We thought "AI-Capex Hyperscalers" was going to be one of the strongest bubbles in our taxonomy. The thesis is overwhelming: $MSFT, $GOOGL, $AMZN, $META, $ORCL are committing the bulk of the multi-hundred-billion-dollar AI infrastructure spend in 2026. They're the demand side of the AI buildout. Surely they trade as a bloc.

We measured. They don't.

This article is the methodological-honesty piece. It walks through why the most obvious "AI bubble" in retail intuition fails the empirical test — and why we publish that result on the platform instead of papering over it.

The setup: what the editorial group looks like

The five names by 2026 capex commitments:

$MSFT — ~$120B in projected 2026 capex, primarily Azure / OpenAI compute
$GOOGL — ~$185B, Google Cloud + TPU buildout
$AMZN — ~$200B, AWS infrastructure + Anthropic deals
$META — ~$130B, AI training infrastructure + Llama serving
$ORCL — ~$50B, OCI catching up

Combined: ~$685B of AI infrastructure spend in a single year. Real money, real demand signal, real economic theme. From a fundamentals lens, they share an exposure: every dollar of AI capex either flows through these companies or runs into them as a constraint.

The first measurement — raw correlation looks compelling

Run a 252-day pairwise correlation matrix on the five names' raw daily returns. The numbers cluster around 0.55-0.70. Average pairwise correlation: ~0.65.

In retail-facing dashboards, this is where the analysis stops. "These stocks all correlate at 0.65 — strong bloc." The marketing slide for any thematic ETF uses this same number. The story sells itself.

If we stopped here, we'd publish a Hyperscalers bubble page declaring it validated, ship a daily basket-tracking widget, and charge for a bubble-correlation alert. This is what most thematic dashboards do.

We don't stop here.

The residualization step — and the collapse

Residualization, in 90 seconds: every stock's daily return decomposes into "what the market did" + "what was specific to this stock." Raw correlation conflates the two. Residualized correlation (correlation between the residuals after regressing each stock on $SPY) measures only the idiosyncratic component — the part that says "these stocks are responding to something specific the market isn't."

For Hyperscalers, the residualized correlation is approximately 0.05.

Effectively zero.

The 0.65 raw correlation was driven entirely by these stocks being mega-caps with similar betas. When the S&P moves, they move together because they're all in the S&P, not because they're responding to AI capex news. Strip the market exposure out and there is essentially no idiosyncratic co-movement among the five.

A residualized correlation of 0.05 is what you'd get if you randomly picked five mega-cap stocks from any sector. There is no AI-thematic signal in this bloc. It's SPY in a costume.

Why this happens — the dilution problem

The structural reason Hyperscalers fail the test: AI is too small a fraction of each company's revenue for the AI thesis to dominate the stock's idiosyncratic moves.

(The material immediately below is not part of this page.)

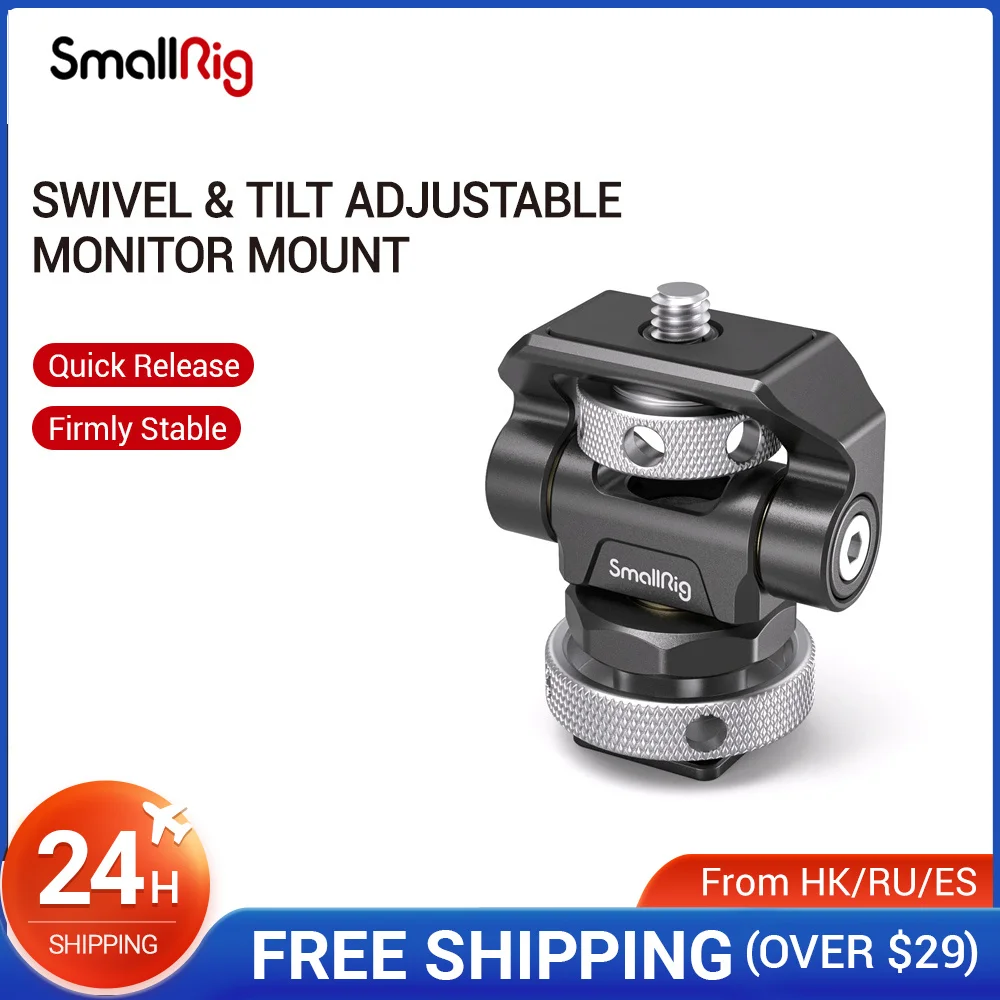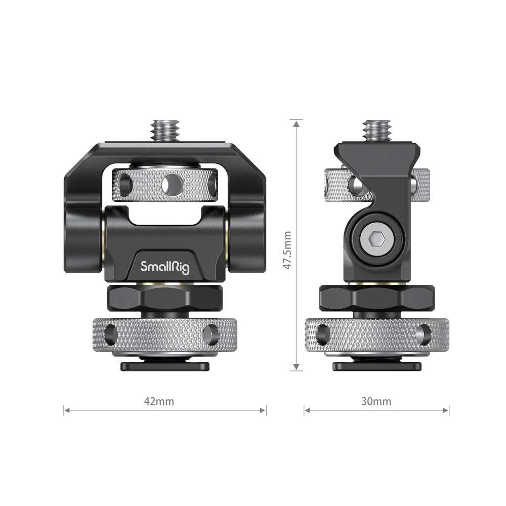 SmallRig поворотное и наклонное регулируемое крепление для монитора с креплением для холодной обуви 2905Ключевые особенности:1. Поддерживает 5 "и 7" бортовой Монитор до 1,5 кг.2. Поворачивается на 360 ° и наклоняется на 170 °.3. Герметичность регулируется на каждой оси.4. Имеет прорези на винтах для затягивания крепления.5. Крепится к камере/клетке/ручке через крепление для холодной обуви.SmallRig поворотное и наклонное регулируемое крепление для монитора с креплением для холодной обуви 2905 предназначено для удержания вашего монитора на верхней части камеры или другой монтажной системы через адаптер для холодной обуви. Он оснащен винтом 1/4 "-20 в верхней части для монитора, светильник или микрофон. Держатель позволяет поворачивать на 360 ° в сторону и наклонять на 170 ° со свободной остановкой в любом положении. Герметичность каждой оси регулируется с помощью шестигранного ключа. Прочная крепление из сплава, изготовленные на станке с ЧПУ; Алюминий и может поддерживать 5 "и 7" монитор до 1,5 кг. Шарнирное и наклонное крепление имеет защитную резиновую прокладку сверху и включает в себя шестигранный ключ для затягивания креплений для дальнейшей безопасности.Дизайнер: медведь, Трейси ДжойПримечание: Пожалуйста, используйте шестигранный ключ для повторного затягивания винта для дальнейшей безопасности.Совместимость:Для серии SmallHD FocusДля серии SmallHD Focus OLEDДля ультрабуга серии SmallHDДля серии SmallHD 500, серии 700Для серии ниндзя AtomosДля Atomos Shogun FlameДля Blackmagic Video Assist 5”Для Blackmagic Video Assist 4K 7”Другое аксессуаров весов вес которых менее 1,5 кг.Посылка включает в себя:1 x Крепление для монитора1 х шестигранный ключРазмеры изделия: 42x47,5x30 ммРазмеры посылка: 76x63x40 ммВес нетто: 76 г ± 5gПосылка Вес: 102 г ± 5gМатериал (ы): алюминиевый сплав, нержавеющая сталь

Rough breakdown by 2026 revenue mix:

$MSFT: AI-attributable revenue ~10-15% of total. Office, legacy enterprise, gaming, etc. dominate.
$GOOGL: ~10% AI-attributable. Search ads still ~75% of revenue.
$AMZN: AI-related AWS ~5-8% of consolidated revenue. Retail, AWS-non-AI, advertising dominate.
$META: Most "AI" investment is internal (recommendation systems, ad targeting). Externally-monetized AI revenue ~minimal.
$ORCL: OCI is growing fast but core database business is still the majority.

When the AI narrative shifts, each stock's reaction is filtered through 80-90% of revenue that has nothing to do with AI. The signal-to-noise ratio is poor. Idiosyncratic returns are dominated by company-specific factors (Microsoft's enterprise renewal cycle, Google's ad pricing, Amazon's retail margins) rather than the shared AI exposure.

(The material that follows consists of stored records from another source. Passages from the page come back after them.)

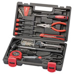 Featuring screwdrivers, long nose pliers, adjustable wrench, hammer and measuring tape.
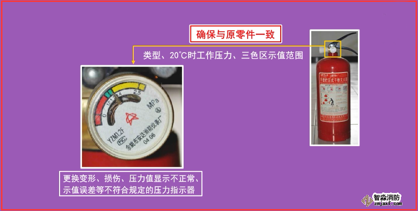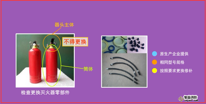 (5)更換具有嚴(yán)重?fù)p傷、變形、銹蝕等影響使用的缺陷的滅火器壓把、提把等金屬件;更換存在肉眼可見(jiàn)缺陷的儲(chǔ)氣瓶式滅火器的頂針。
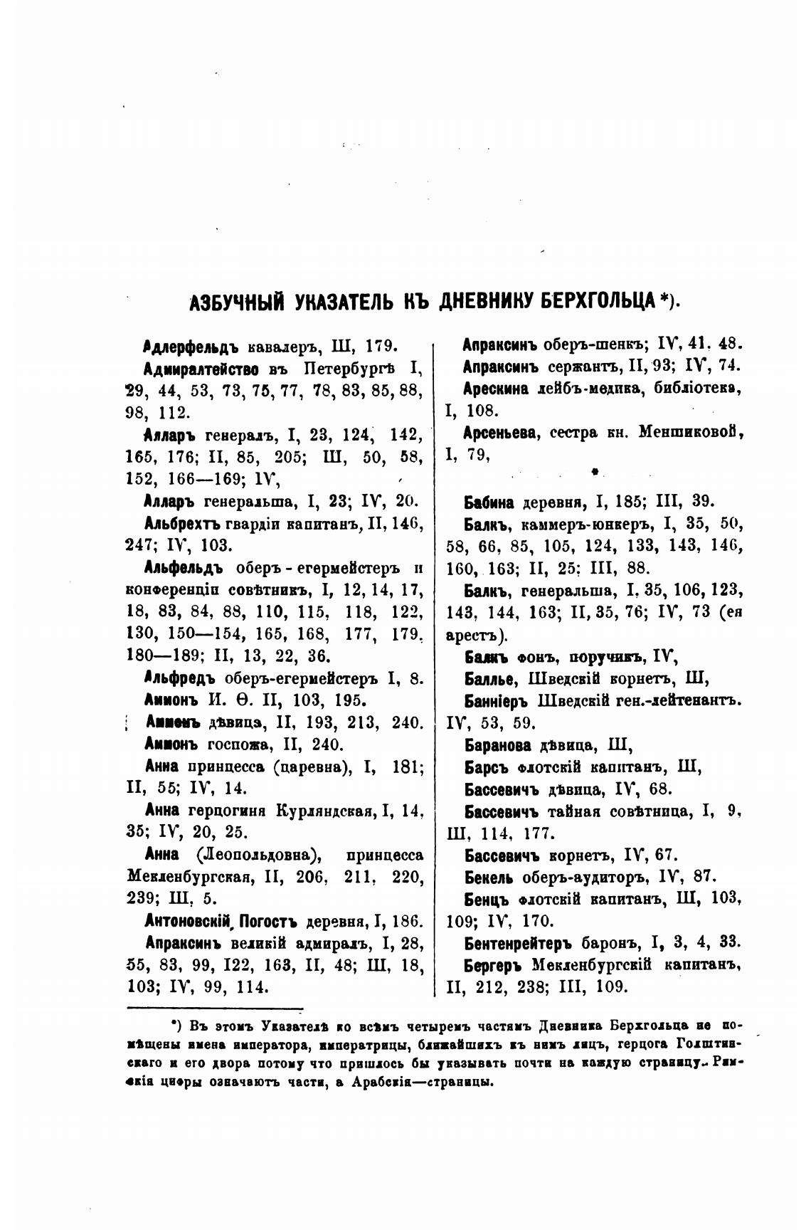 АЗБУЧНЫЯ УКАЗАТЕЛЬ КЬ ДНЕВНИКУ БЕРХГОЛЬЦА

Compare with our Quantum bubble which holds 0.76 residualized correlation: those are pre-revenue companies whose entire stock is the AI thesis. Pure exposure → tight residualized clustering. Hyperscalers are diluted exposure → noise.

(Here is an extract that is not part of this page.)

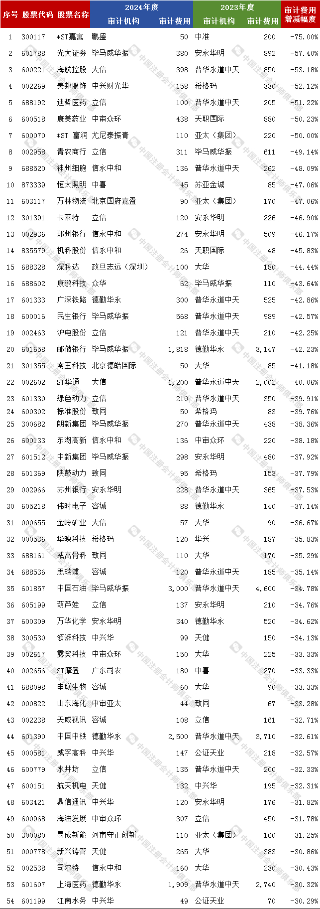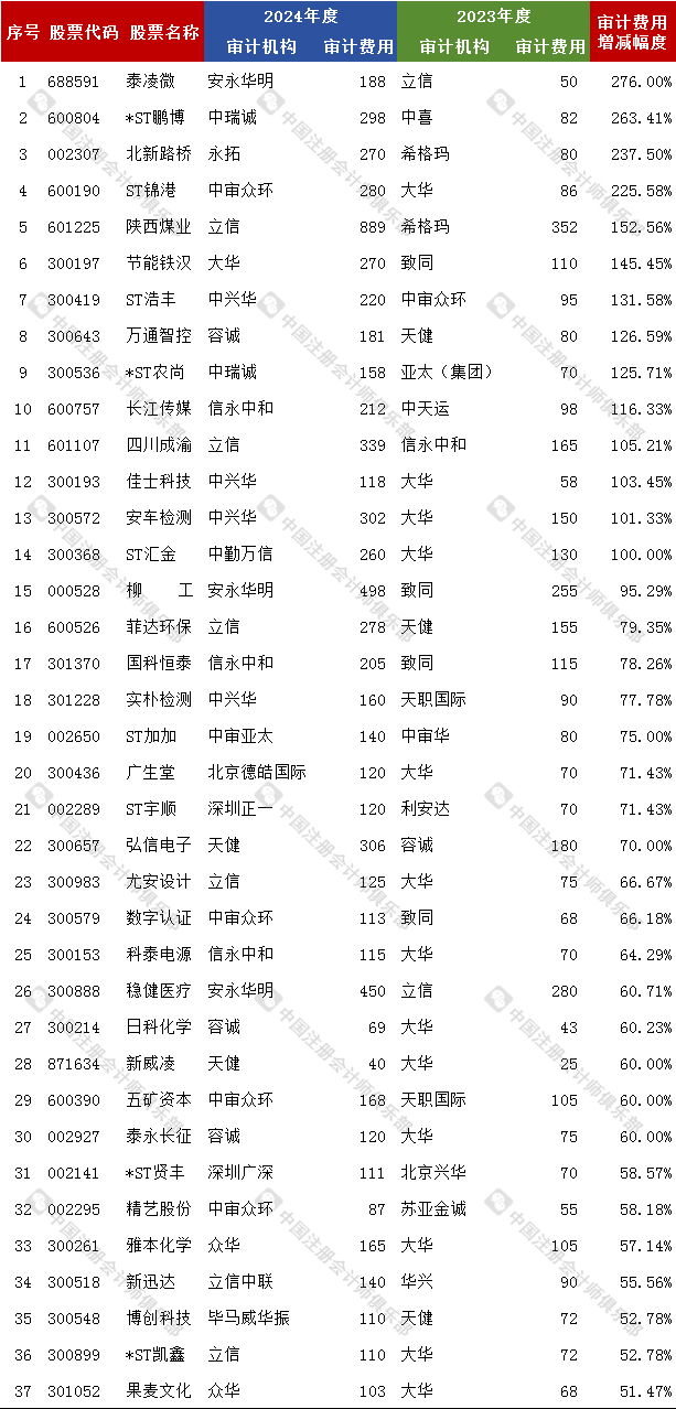 最高涨276%,最低降75% !这些上市公司2024年审计费用大幅变动!

Where to actually express AI capex

The deeper point isn't that AI capex isn't real — it obviously is. It's that Hyperscalers are the wrong vehicle to express it.

If you want pure AI-capex exposure, look at where the capex is actually flowing:

Semi Equipment (residualized 0.82) — $ASML, $AMAT, $LRCX, $KLAC. The cleanest single expression. AI capex flows through chip-fab capacity buildouts, and these are the picks-and-shovels.
Memory / HBM (residualized ~0.71) — $MU + SK Hynix + Samsung. Memory is the pacing constraint on AI compute; the bloc captures pure exposure to "AI compute volume × HBM ASP."
Datacenter Power (residualized ~0.55) — $VST, $CEG, $NRG, etc. The next-layer constraint. AI eats electricity and the utilities supplying AI campuses have small but pure exposure to the demand signal.

Each of these blocs has tighter residualized clustering than Hyperscalers because the AI thesis is not diluted by 80-90% of unrelated revenue.

Why we publish the failure

The methodological lesson generalizes beyond Hyperscalers. Editorial taxonomies that group by story ("companies investing in AI") fail when the underlying revenue exposures don't cohere. The story can be true at the macro level — there is an AI capex bubble — without the story being expressible at the equity level through the names that allocate the capex.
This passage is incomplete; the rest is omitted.